* **TASK INSTRUCTIONS**
Go line by line through the entries and show those that hold the string "Téhéran".

::::::::

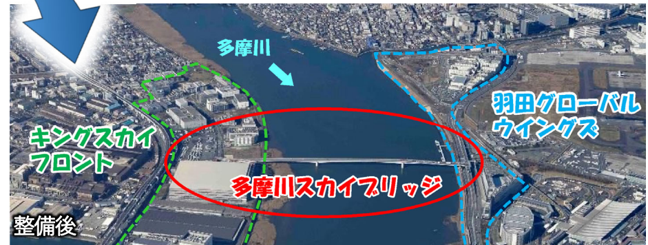
写真は多摩スカイブリッジ
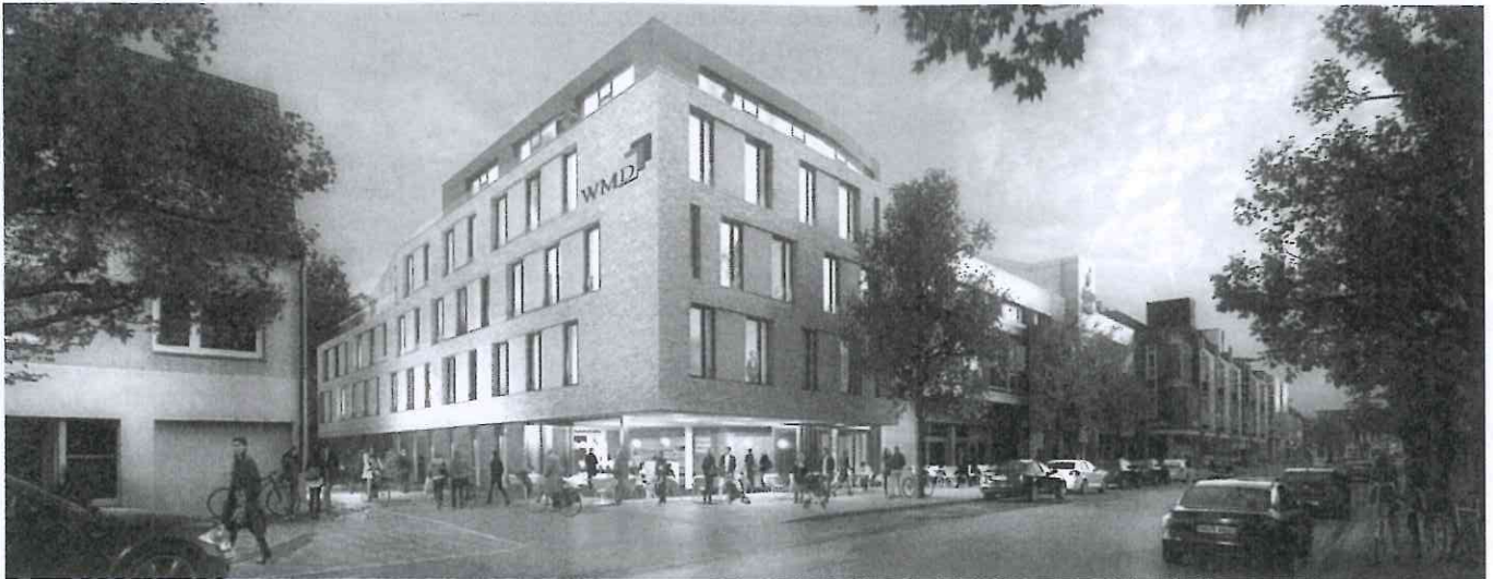
Ahrensburg, Herbst 2015: die neue WMD-Zentrale (Visualisierung).

Illumiti (Kanada), IBA (Weißrussland), SOA People (Luxemburg) und Westrocon (Südafrika) erweitern die Excellence Delivered Pvt. Ltd, Lahore/Pakistan, und die Real Consulting S.A., Athen/Griechenland, die weltweite Allianz, die 2006 von der All for One Steeb AG zusammen mit der Seidor S.A., Barcelona, gegründet wurde. Damit wächst das Netzwerk auf aktuell 26 Partner, die zusammen in 63 Ländern vor Ort sind.
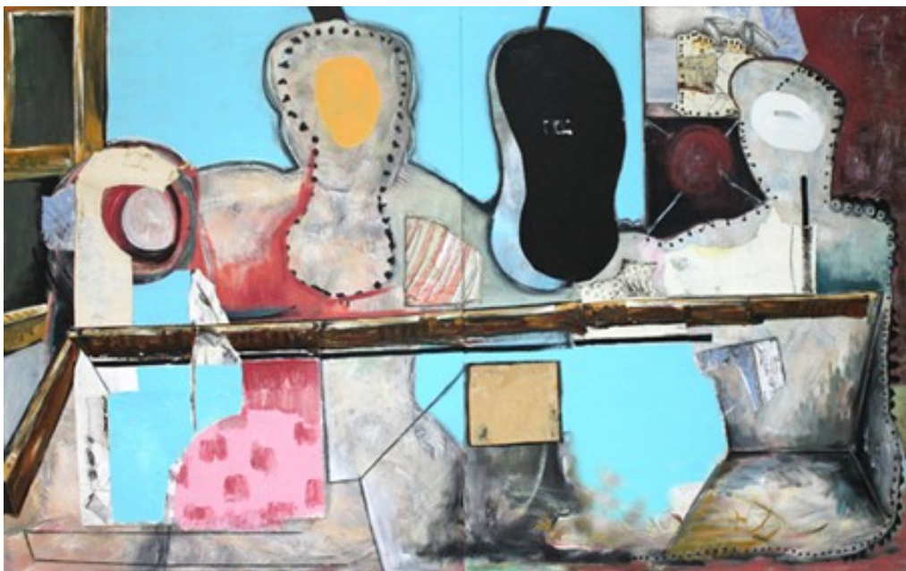
„Phantom“ (100 x 160 cm)
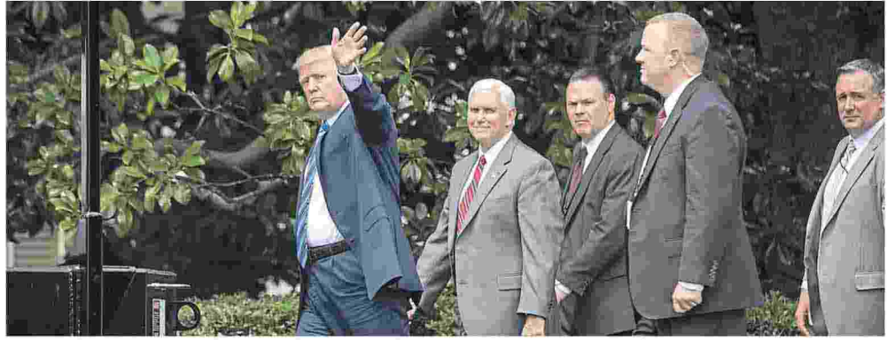
Le bras de fer se poursuit entre l'administration Trump et Téhéran.

SANCTIONS Après avoir juré de rejeter le « pire accord jamais signé » sur le gel des installations nucléaires en Iran en 2015, le président Trump a finalement reconduit la suspension des sanctions internationales contre Téhéran. Mais Washington maintient la pression sur les « actions déstabilisatrices » de Téhéran au Proche-Orient, notamment son programme balistique et son influence notoire dans les conflits au Yémen et en Syrie, sans oublier son soutien au Hezbollah au Liban et aux régions chiites d'Irak. De nouvelles sanctions ont été décidées contre 18 personnes. // PAGE 4
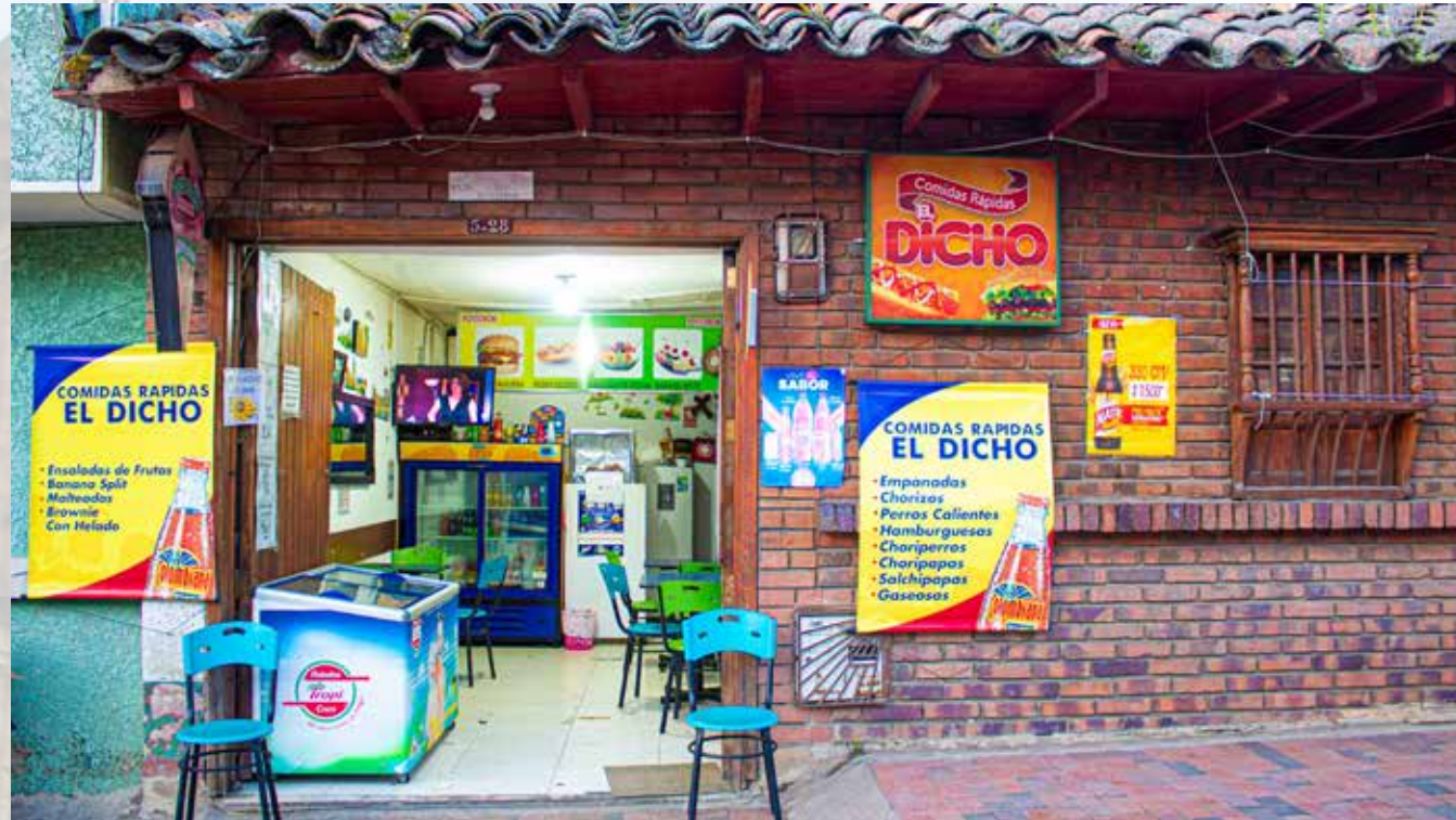
Comidas rapidas El Dicho
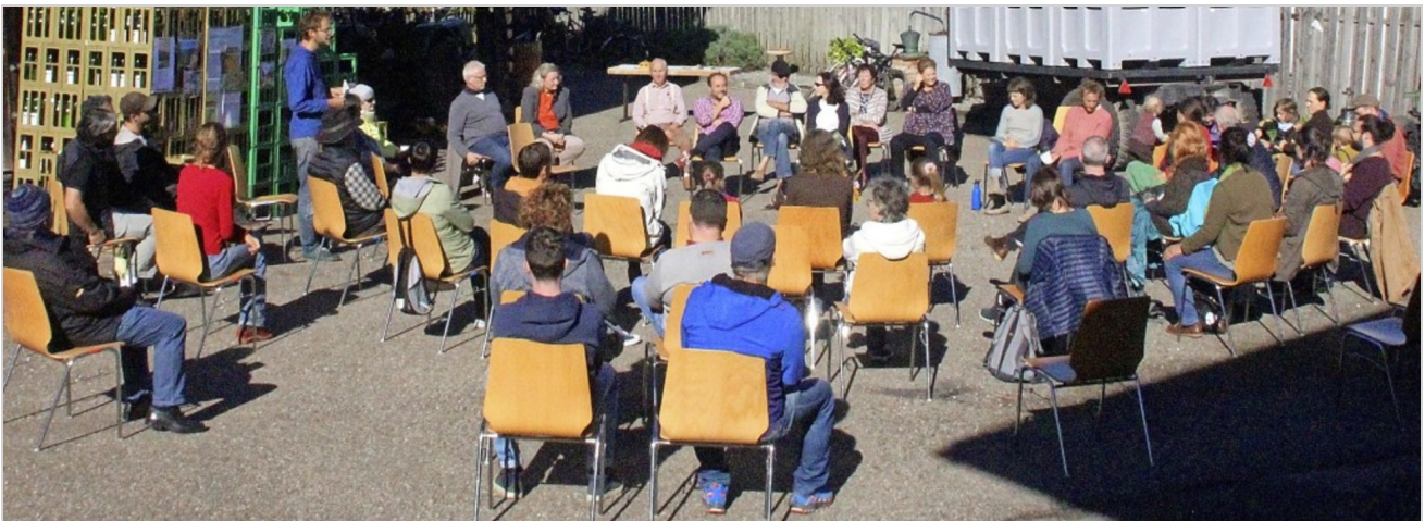
Am ersten Informationstreffen zur Solidarischen Landwirtschaft nahmen 50 Interessenten teil.

Gemeinschaftlich produzieren und verbrauchen ist das Ziel der Solidarischer Landwirtschaft (Solawi). Beim ersten öffentlichen Treffen sind am Samstagnachmittag rund 50 Personen ins Weingut Joachim Jäger in Ettenheimweiler gekommen. Das Treffen sollte erste Informationen liefern.
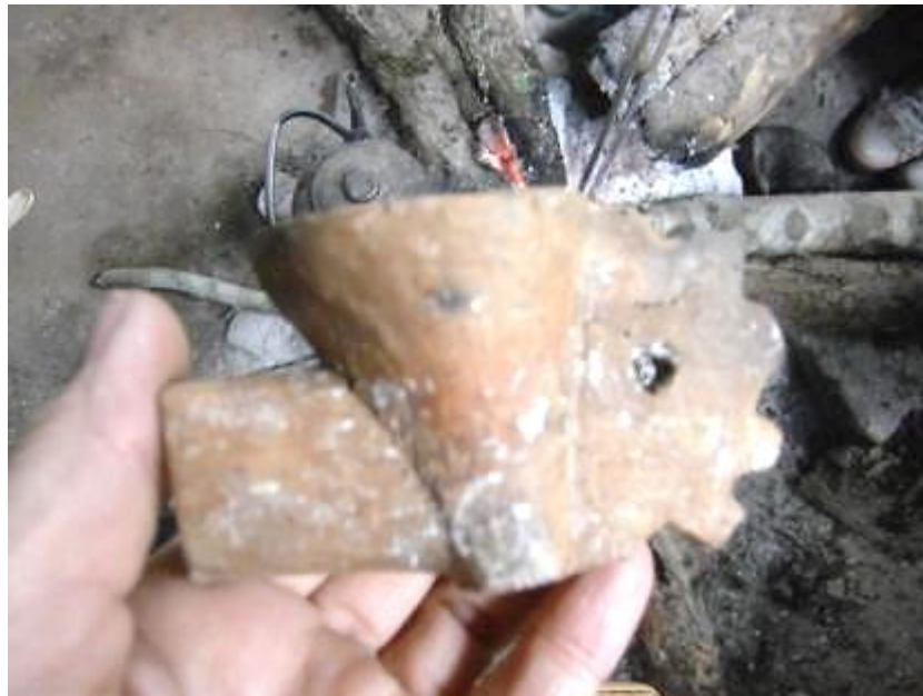
Pipa arquetípica guaraní realizada por Sara.

El “asiento de fogones”, es el lugar donde se reúnen los miembros de la comunidad en torno al fuego para compartir actividades comunitarias como el pirograbado de las tallas en madera y la cocción de la cerámica. Allí, además se toman las decisiones más importantes entre el cacique “
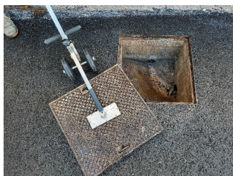
... o ruotarlo intorno all'asse delle ruote. Fare attenzione a non spingere le ruote verso l'apertura dell'albero!

::::::::

* **ANSWER TO THE EXERCISE**
Le bras de fer se poursuit entre l'administration Trump et Téhéran.
SANCTIONS Après avoir juré de rejeter le « pire accord jamais signé » sur le gel des installations nucléaires en Iran en 2015, le président Trump a finalement reconduit la suspension des sanctions internationales contre Téhéran. Mais Washington maintient la pression sur les « actions déstabilisatrices » de Téhéran au Proche-Orient, notamment son programme balistique et son influence notoire dans les conflits au Yémen et en Syrie, sans oublier son soutien au Hezbollah au Liban et aux régions chiites d'Irak. De nouvelles sanctions ont été décidées contre 18 personnes. // PAGE 4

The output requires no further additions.